Uważajmy zatem na tę przepaść, miejmy ją stale na uwadze, nie spuszczajmy z niej oka nawet na chwilę: przepaść między biednymi a bogatymi, między pierwszym a trzecim światem, między szkołami prywatnymi a państwowymi, pacjentami prywatnymi a państwowymi, płacami kobiet a płacami mężczyzn, liczbą kobiet a liczbą mężczyzn na uniwersytetach, w biznesie, w parlamentach, temperaturą teraz a temperaturą... no dobrze, może globalnego ocieplenia nie da się w ten schemat wepchnąć (choć w ogólny schemat z kwestią przepaści związany, czyli schemat dotyczący moralności w polityce – jak najbardziej, o czym za chwilę).

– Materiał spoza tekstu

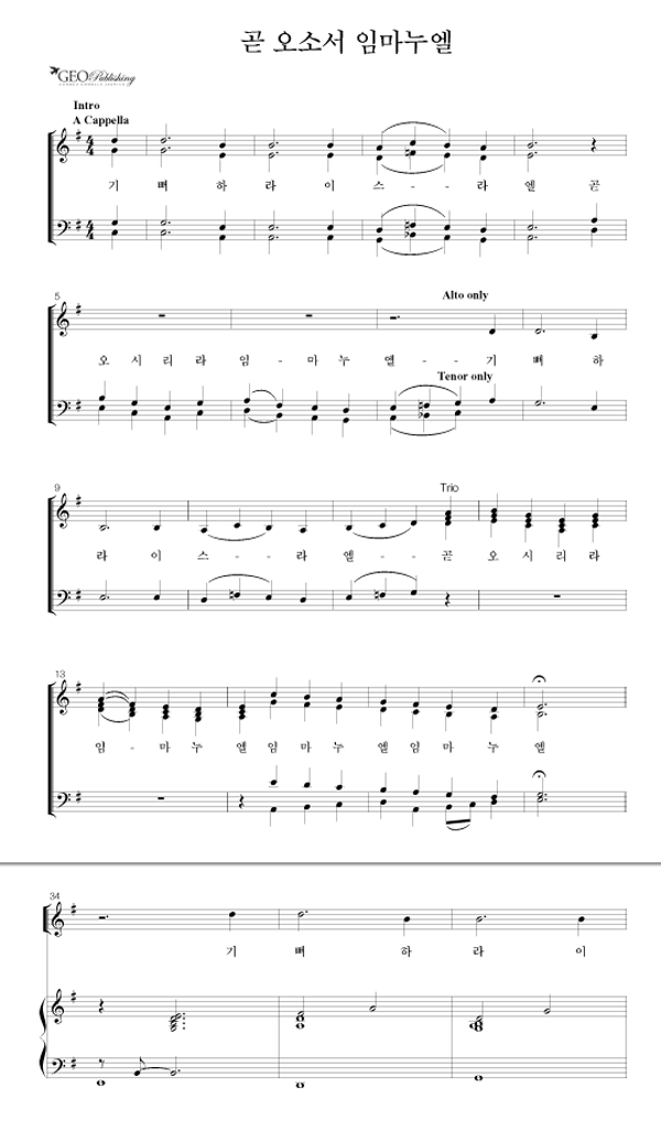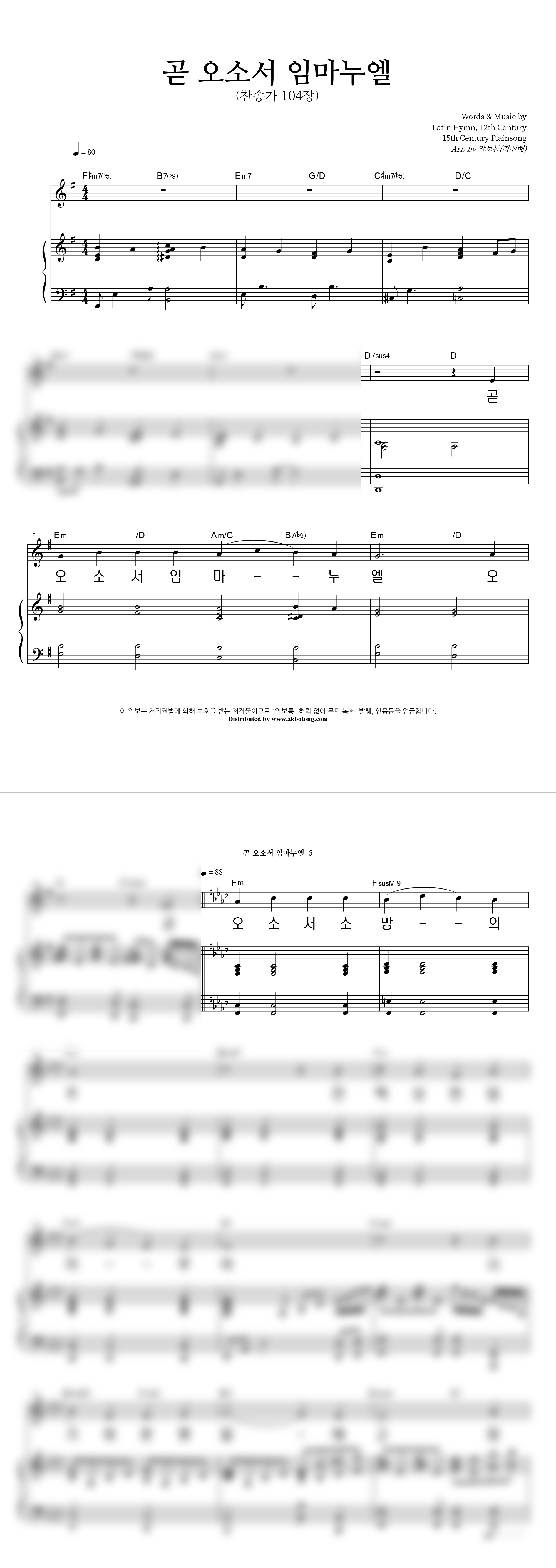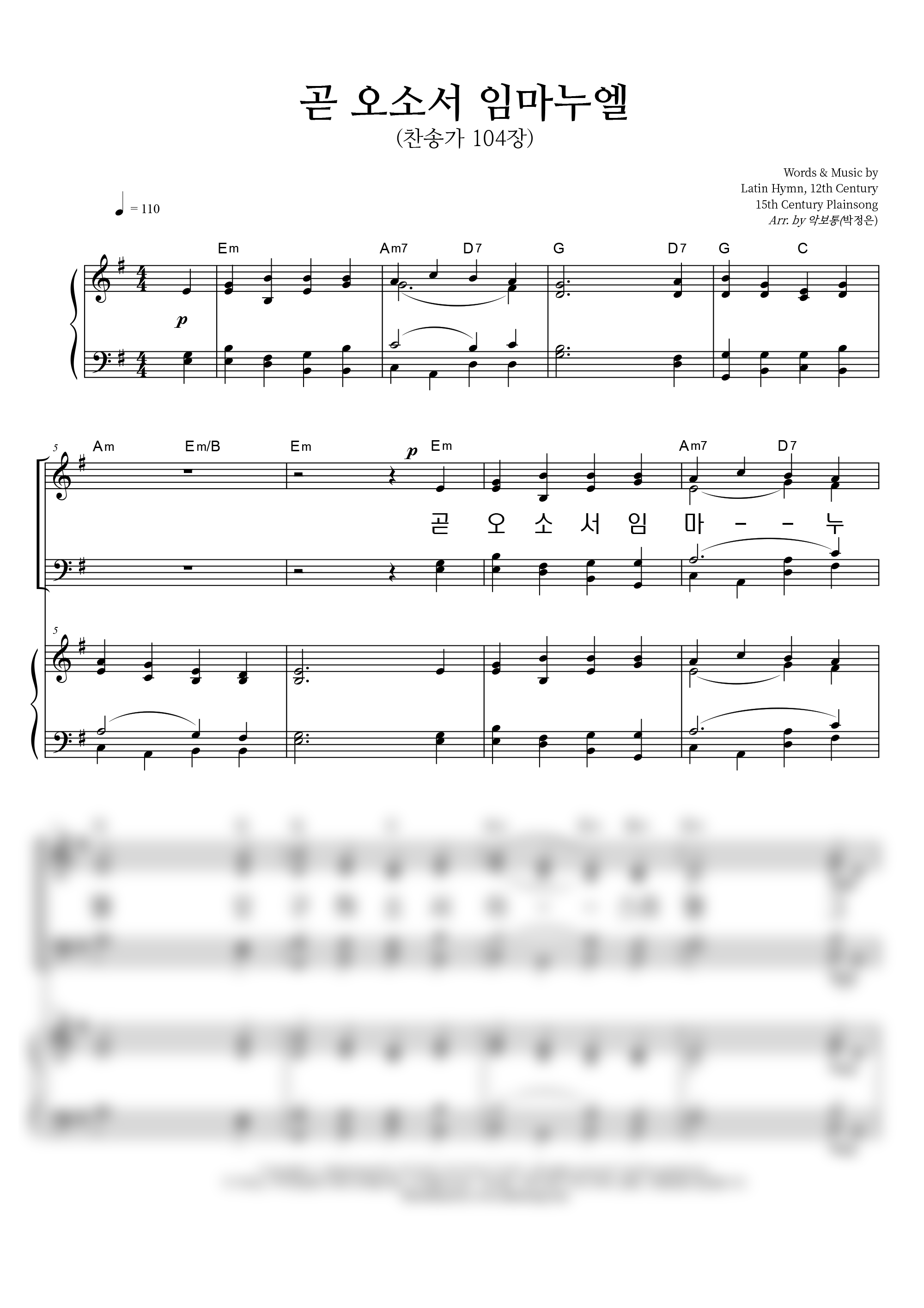 '[2025 성탄절 신곡] 곧 오소서 임마누엘' 의 악보

Równość, czyli niwelowanie
We wszechobecnym nacisku na przepaść niepostrzeżenie, bezdyskusyjnie zostało przyjęte pewne milczące założenie: że równość jest dobrem największym. Nie wyrównanie szans, lecz równość, czyli w praktyce niwelowanie wszelkich nierówności. Założenie to z kolei jest związane z szeregiem innych, na ogół wraz z mową o przepaści gdzieś tam w tle się kryjących, z których najważniejsze są dwa: że to państwo powinno się troszczyć o nasz dobrobyt, zdejmując z nas i biorąc na siebie jak największą ilość obowiązków, i że miarą dobrej polityki państwa jest wysokość jego wydatków – niezależnie od prawdziwych korzyści z nich płynących. Słyszy się też dość często enigmatyczny pogląd, że taka właśnie polityka jest „moralna".
Wraz z tymi zasadami zostało przez intelektualne liberalno-lewicowe elity przyjęte, jak to bezwyjątkowo w takich przypadkach bywa, w każdym zakątku świata i na każdy temat, że ktokolwiek im zaprzecza – a zatem kto mniej się o przepaść troszczy niż o realną poprawę kondycji tych, co po niekorzystnej jej stronie się znajdują – jest zły, niemoralny, wyzuty z ludzkich uczuć, z troski, z solidarności, ze wszelkiego współczucia. Warto w tym miejscu zauważyć, że lewicowe elity (znów: jak to często u lewicowych elit bywa) popadają tu w sprzeczność; to, czego nie lubią, jest dla nich złem absolutnym, lecz jednocześnie duża ich część, jako moralni i kulturalni relatywiści, samo pojęcie zła absolutnego potępiają.
Tak więc choć obiektywnych kryteriów zła i dobra rzecz jasna nie ma i być nie może, zło absolutne równie oczywiście znajduje się po stronie... i tu dobrze znany spis: tych, co nie troszczą się o przepaść, co kwestionują wydatki państwa, co nie wierzą w antropogenne globalne ocieplenie (odtąd AGO, bo będzie jeszcze o nim mowa), co bronią wartości zachodniej cywilizacji, co bronią chrześcijaństwa, co ośmielają się krytykować islam itd.